= Finding the Sun =

Finding the Sun is a one-act play by American playwright Edward Albee.

==Productions==
It was written in 1983 under commission for the University of Northern Colorado and first performed there in May 1983 with Albee directing. It was next performed at the University of California-Irvine (May 1984) and the University of Houston (1984).

Albee postponed the New York debut of the play because, as he noted, another play, Coastal Disturbances opened in 1987 with a beach setting. He did not want anyone to think that his play was influenced by the other.

The play premiered Off-Broadway at the Signature Theatre Company in a triple bill with Box and The Sandbox. The plays ran from February 4, 1994, to March 6, 1994. Directed by Albee, the cast was John Carter (Hendon), Brendan Corbalis (Daniel), Monique Fowler (Cordelia), Cheryl Gaysunas (Abigail), Bethel Leslie (Gertrude), Neil Maffin (Benjamin), Mary Beth Peil (Edmee), and James Van Der Beek (Fergus).

The play was produced in London at the National Theatre, Cottesloe Theatre, in a double bill with Marriage Play, in May 2001. The cast featured
Sheila Gish (as the "rich widow"), Pauline Lynch and Polly Walker (as the "neglected wives").

==Overview==
The single act is divided into 21 short scenes (some only a minute long) that run together with a "breath" in between. The play takes place on a sunny New England beach populated by four male-female character pairs.

The oldest married couple in the play is Henden and Gertrude, aged 70 and 60 respectively. Each has a child from a previous marriage, and those two children form another couple: Daniel and Cordelia. A third, slightly younger married couple is Benjamin and Abigail. Benjamin and Daniel used to be together in a homosexual relationship, and their wives and parents are aware of this. The fourth pair is 45-year-old Edmee and her sixteen-year-old son, Fergus; they have never met the other characters before.

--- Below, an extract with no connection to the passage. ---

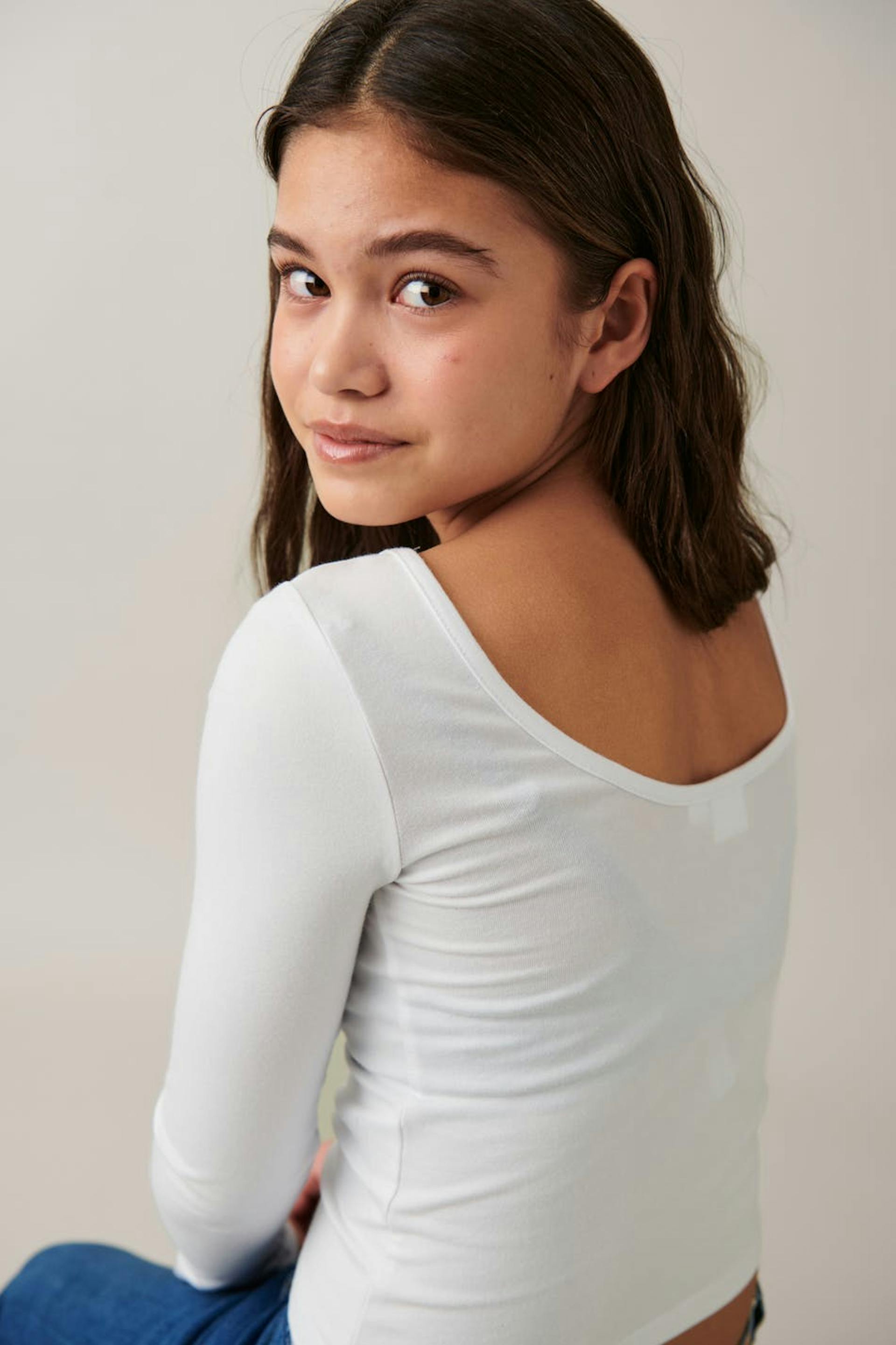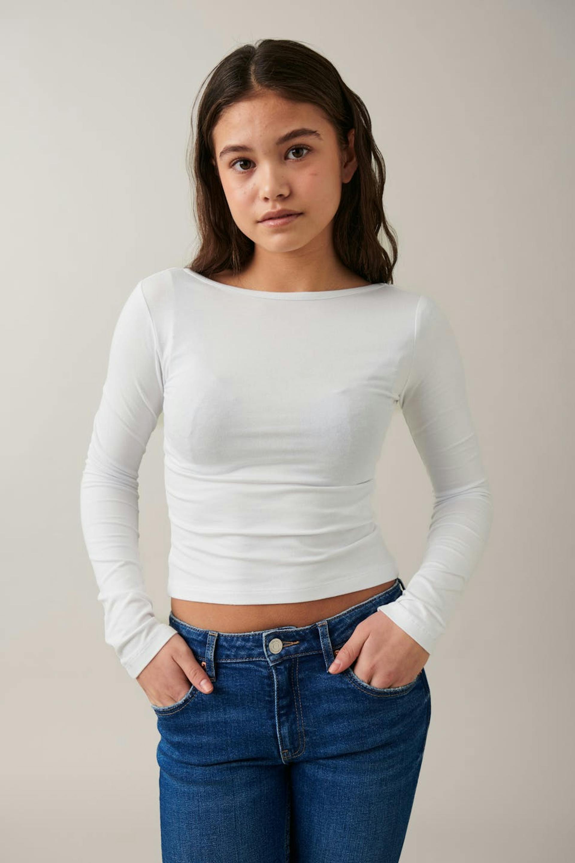 Langærmet top i blød trøje med figurnær pasform. Toppen er hvid og har dyb ryg.
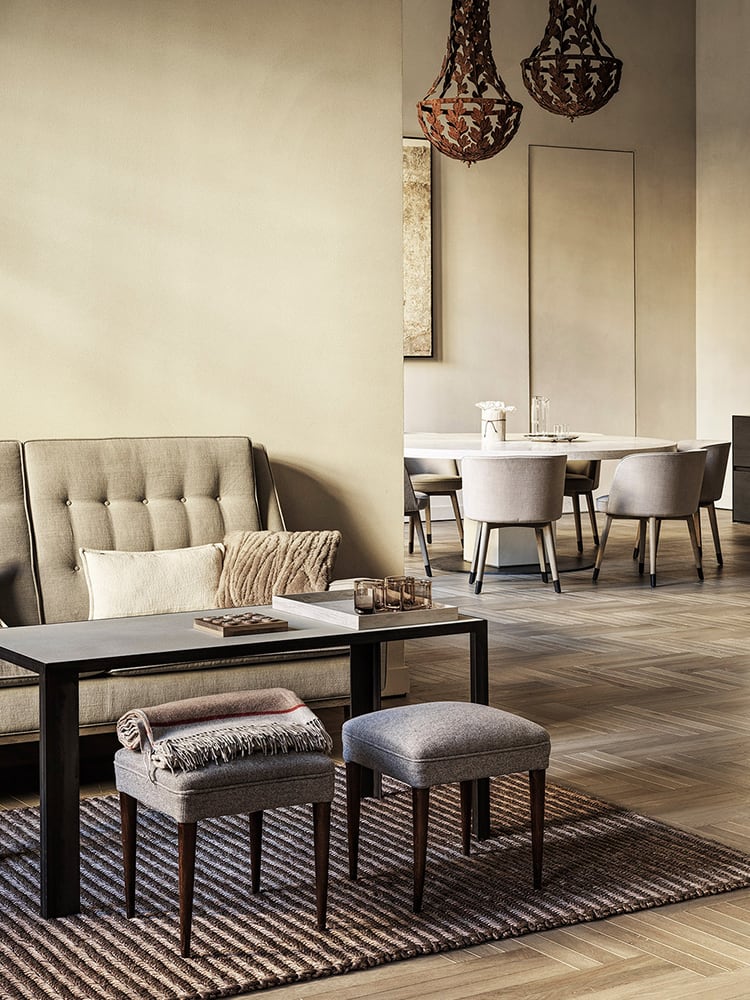 Between traditional influences and modern inspirations, Casa Cucinelli in Milan harmoniously occupies a cosmopolitan corner of the city while preserving the soul of an intimate haven. Located in an elegant neo-Renaissance building, it features a courtyard with classic Milanese architecture that warmly welcomes guests. Inside, the design elements of the Casa blend with Solomeo's cultivated atmosphere, creating a setting that is both contemporary and authentic.

Over the course of the play, Edmee and Fergus meet the other characters and learn of Benjamin and Daniel's history. The young wives struggle with their husbands' latent feelings for each other. Benjamin and Abigail have a tiff, and Benjamin seeks comfort with Daniel. Meanwhile, Abigail tries to drown herself in the ocean and Henden dies sitting in his chair.

===Characters===
Source: Script

- Abigail—age 23, not pretty, not plain
- Benjamin—30, blonde and handsome
- Cordelia—age 28, attractive in a cold way
- Daniel—age 37, good-looking
- Edmee—age around 45, stylish
- Fergus—age 16, swimmer's body
- Gertrude—age 60, "elegant outdoors woman"
- Henden—age 70, big, "looks like a retired diplomat"

==Critical response==
David Richards, in his review of the 1994 production for The New York Times, wrote: "It consists of the juxtaposed conversations of eight people at the beach -- two young men who were once lovers, and their wives; an older married couple, and a mother and her precocious son. The talk ranges from the difficulty of relationships to friendships, face lifts and the compromises life exacts of people. There's some speculation about the meaning of things. Then death happens right there on the shore. The lines can seem mannered, the plotting utterly random.... Viewed in light of the two preceding plays, as a fusion of the absurdism in 'Sandbox' and the rarefied musings of 'Box,' it appears far more sure of itself. A fugue on loneliness and love lost (or never found), it is clearly part of a continuum that also includes 'Seascape.'"

Phyllis T. Dircks (professor of English at Long Island University in Greenvale, New York) observed that "critics...have sometimes lamented the lack of sharp characterization and conventional dramatic action, and the omission of a protagonist... There are no sustained bursts of wit, as ...in Who's Afraid of Virginia Woolf ...no bursts of absurdist comedy, as in The American Dream. Finding the Sun has quite a different purpose, and Albee has satisfied his purpose in executing a precise and haunting study of loss."